Ich fahre ein Taxi, das ich echt klasse finde, denn es ist genau wie ich: Es ist nicht mehr das Neueste, hat schon über 270.000 Kilometer hinter sich, einige kleine Beulen, meist nicht ganz sauber. Zudem ist es kein schicker Mercedes, sondern ein eher pragmatischer Opel.

Es gibt Fahrgäste, die bestellen bei der Funkgesellschaft ausdrücklich einen Mercedes und wenn ich an der Taxihalte stehe, steigen manche auch lieber hinter mir in den C-Klasse-Sternling ein, als bei mir. OK, das ist ihr gutes Recht. In Berlin haben die Fahrgäste die freie Taxiwahl, sie sind nicht gezwungen, das erste Taxi in der Reihe zu nehmen.

Was aber gar nicht geht ist, was ich jetzt erlebt habe: Ich stand als Einziger an der Taxihalte vor dem Hotel Radisson in Mitte. Kurz zuvor hatte ich das Auto an einer Tankstelle gewaschen. Ein Pärchen in teuren Klamotten steuerte auf mein Taxi zu, blieb dann aber zwei Meter davor stehen. Sie unterhielten sich offensichtlich über das Fahrzeug. Dann klopfte der Mann an die Scheibe und stellte die etwas dumme Frage, ob ich denn das einzige Taxi hier wäre.
Ich blieb aber freundlich und antwortete: “Wenn kein anderes hinter mir steht, dann anscheinend ja.”
“Hm.” Er war sich unsicher, ich mir jetzt auch. Hatte ich etwa vergessen, das Taxischild anzuschalten? Aber nein, es leuchtete.
Dann sagte er: “Rufen Sie uns bitte ein Taxi”.
“Warum sollte ich das tun? Sie stehen schon vor einem, ich fahre Sie gerne.”
“Nein, ich meinte ein richtiges Taxi. Nicht so ein…” Er sprach nicht weiter, aber ich sah schon an seinem Gesichtsausdruck, dass er sich zu fein war, in einen ordinären Opel einzusteigen.
Da ich nicht antwortete, wiederholte er seine Bitte. Ich antwortete nur “Rufen Sie doch selber an”, und schloss das Fenster.

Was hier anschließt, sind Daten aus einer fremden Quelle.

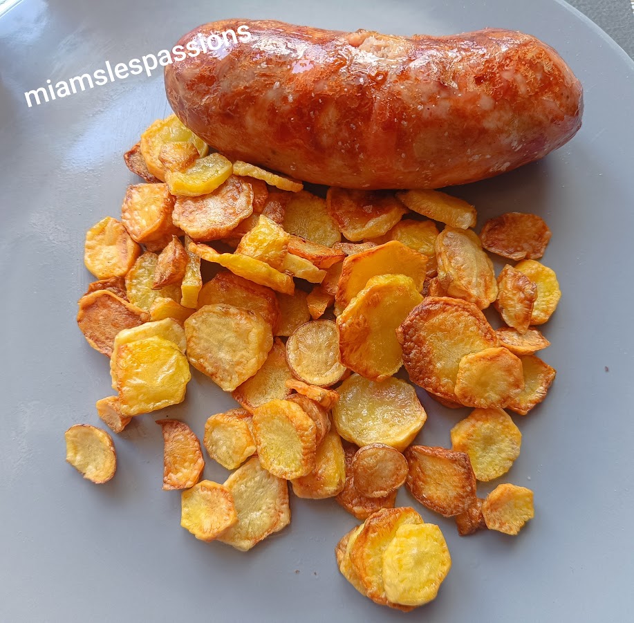 Mettre dans la cuve de l’Air Fryer des pommes de terre coupées en rondelles , vaporiser d’huile d’olive. Programme frites 200°/ 20 min . Au bout de 10 min remuer les pommes de terre mettre la grille avec l’andouillette dessus, vaporiser d’huile et continuer la cuisson 10 minutes . C’est prêt.

Man mag mir vorwerfen, eingeschnappt gewesen zu sein. Aber wenn ihm mein Wagen nicht schick genug war, musste er sich schon selber um eine Alternative kümmern. Zumal ich sowieso keinen Funk habe und per Telefon anrufen müsste. Das konnte er dann auch selber tun.
Ich würde das machen, wenn es jemand gewesen wäre, der wirklich ein anderes Taxi braucht, weil er z.B. einen Elektrorollstuhl fährt. Aber jemanden damit zu beauftragen, mit dem man sich gleichzeitig weigert mitzufahren, das mache ich nicht mit.

Mittlerweile warteten zwei andere Fahrgäste, als hinter mir ein Mercedes-Taxi an die Halte fuhr. Einer der anderen stieg dort ein, der zweite dann bei mir und bescherte mir eine schöne Fahrt nach Zehlendorf.
Nur das feine Pärchen stand noch vor dem Hotel und wartete. Selber schuld.